_Work required_
The lines to extract run from the first line of the material below to the line containing "Nike Big Girls'", both included; leave the pictures behind.

_Supplied material_
--------------------

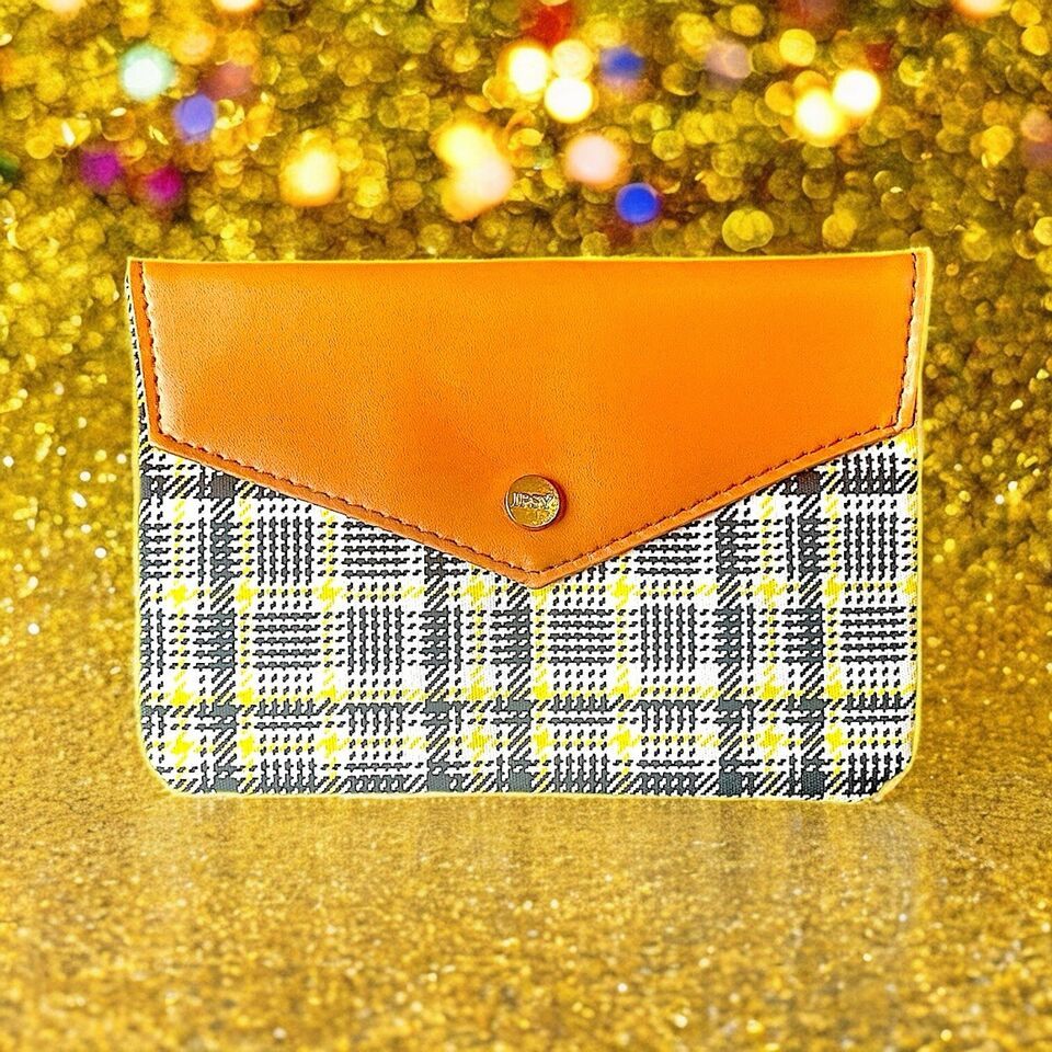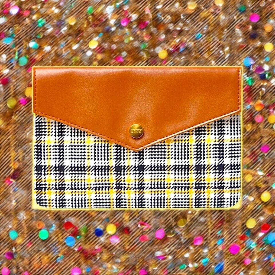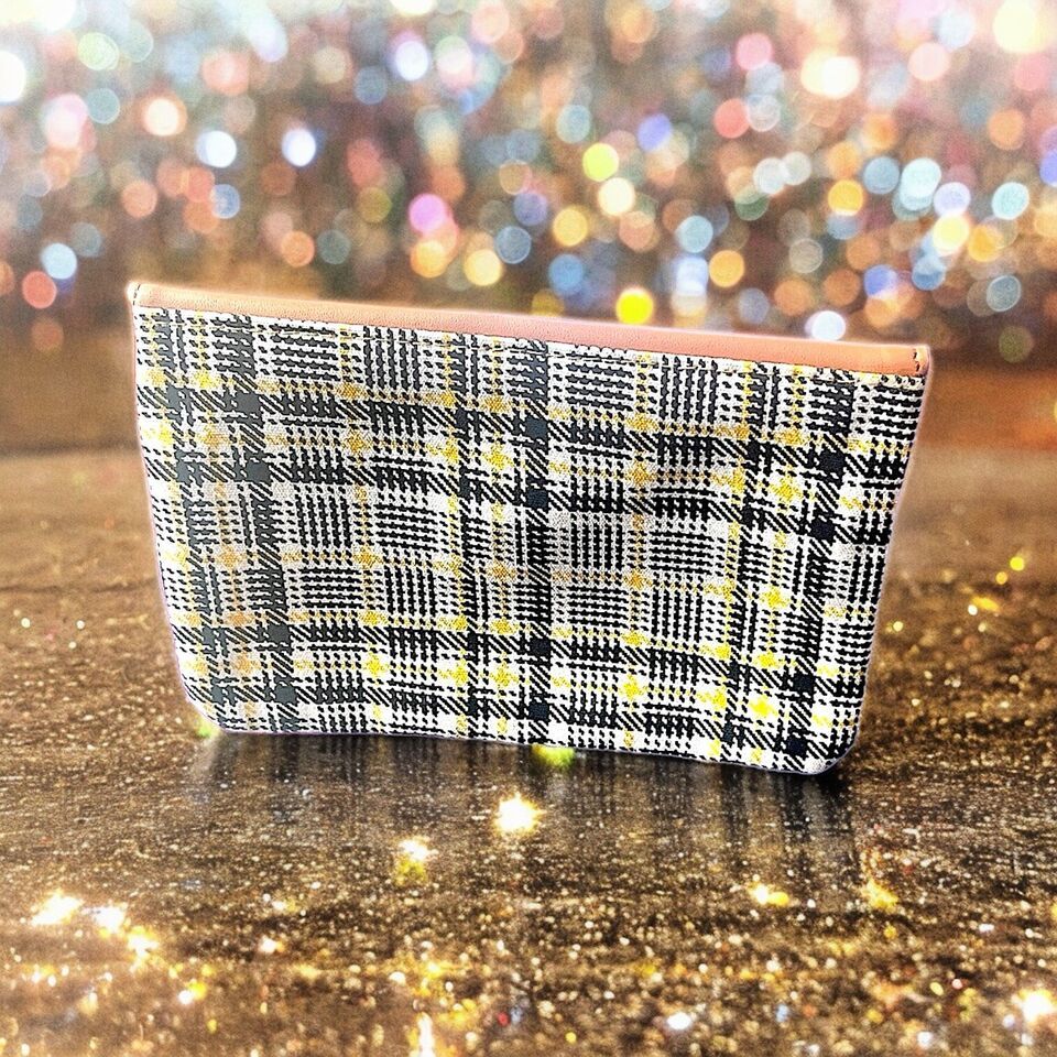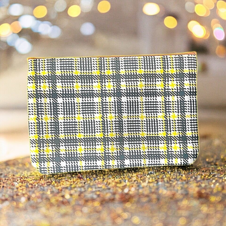 Ipsy September 2021 Glam Bag Black/Yellow Plaid Bag Only Snap Closure 5?x7? NWOT
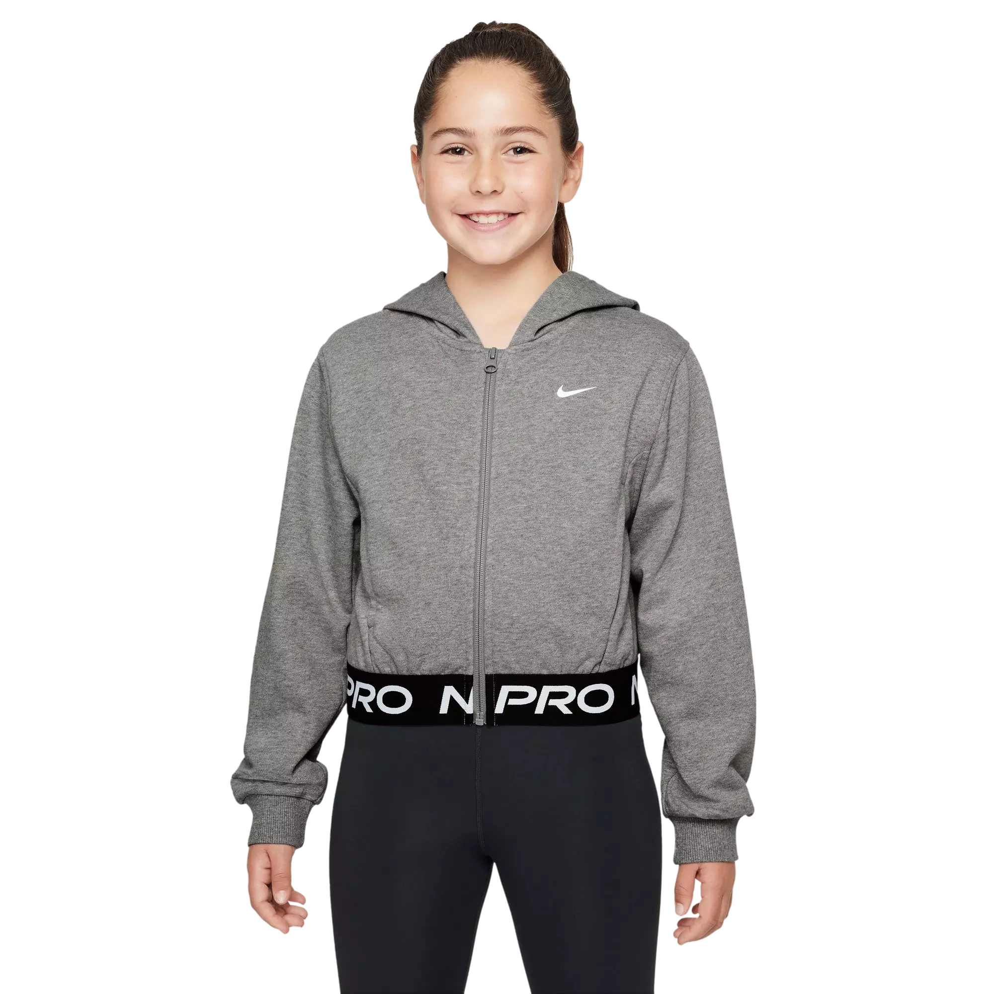 Nike Big Girls' Pro Dri-FIT Fleece Full-Zip Jacket-Grey
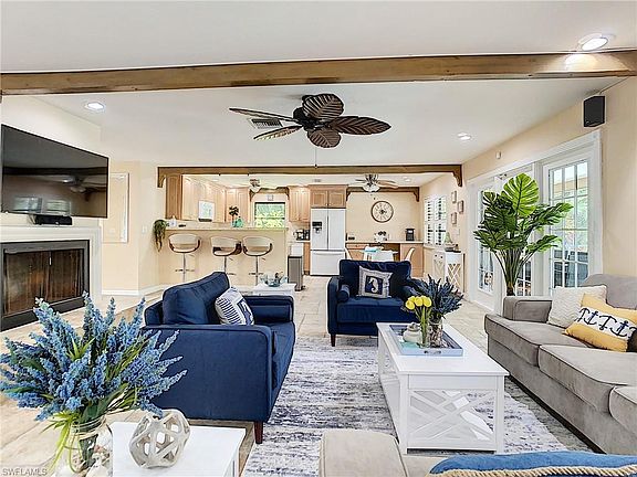 Welcome to 1749 Knights Way situated in a serene, park-like cul-de-sac in the heart of Naples, FL. This beautifully designed 3-bedroom, 2-bathroom house is perfect for those seeking a vacation retreat, investment property, or a new home for first-time buyers. The spacious 2,061 sq ft of living space includes a great room featuring a cozy fireplace, beamed ceiling, and French doors leading to a picturesque lanai. Entertain guests with both formal and casual dining options, while enjoying the convenience of granite baths, a wet bar, and a recently upgraded laundry area. The kitchen boasts new appliances, cabinets, travertine counters, and a stylish backsplash. Marvel at the stunning marble and tile flooring, elegant crown molding, and charming plantation shutters throughout. The luxurious master bath adds a touch of sophistication to this exceptional property. Outside, the paver driveway, walkways, courtyard, and lanai are surrounded by beautiful landscaping, with a lighted precast marble lion's head enhancing the home's curb appeal. Located just minutes from Fifth Ave, pristine beaches, the pier, shopping, and more.
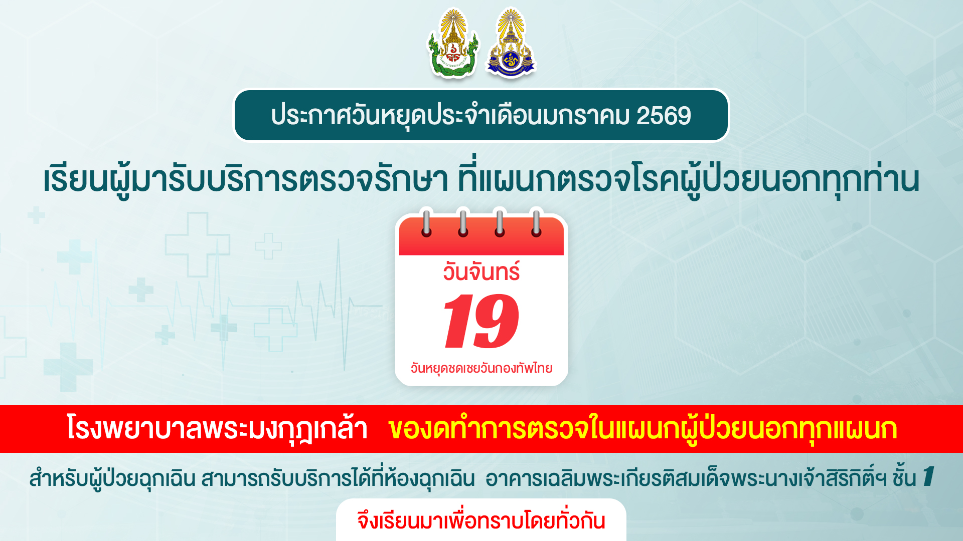 ประกาศวันหยุดประจำเดือนมกราคม 2569

--------------------

_Result for this task_
 Ipsy September 2021 Glam Bag Black/Yellow Plaid Bag Only Snap Closure 5?x7? NWOT
 Nike Big Girls' Pro Dri-FIT Fleece Full-Zip Jacket-Grey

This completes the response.